*Problem to work on*: Copy task, pictures excluded: set down exactly the lines from the one containing "Where M is the" to the end of the data below.

*Recorded information*:
Start of Block

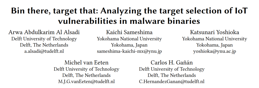 今天给大家分享的文章是一个月前在香港举办的RAID ’23最新鲜出炉的IoT安全相关论文:”Bin there, target that: Analyzing the target selection of IoT vulnerabilities in malware binaries”
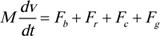 Where M is the total weight of the train,v is the speed of the train, Fb is the braking force, Fr is the running resistance, Fc is the curve resistance, and Fg is the gradient resistance.
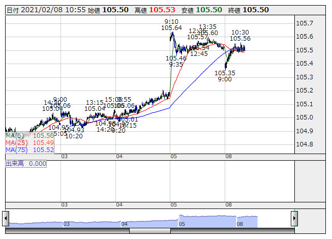 米ドル/円 <5分足> 「株探」多機能チャートより午前の東京外為市場でドル・円は1ドル=105円50銭近辺で推移。赤羽国交相は、Gotoトラベルについて、地域を限定して開始を望む声をもたくさん出ている、意見を聞きながら。来るべき時にはスムーズに再開できるようにしていきたい、と述べたとロイターが報じている。

End of Block

*Worked solution*:
 Where M is the total weight of the train,v is the speed of the train, Fb is the braking force, Fr is the running resistance, Fc is the curve resistance, and Fg is the gradient resistance.
 米ドル/円 <5分足> 「株探」多機能チャートより午前の東京外為市場でドル・円は1ドル=105円50銭近辺で推移。赤羽国交相は、Gotoトラベルについて、地域を限定して開始を望む声をもたくさん出ている、意見を聞きながら。来るべき時にはスムーズに再開できるようにしていきたい、と述べたとロイターが報じている。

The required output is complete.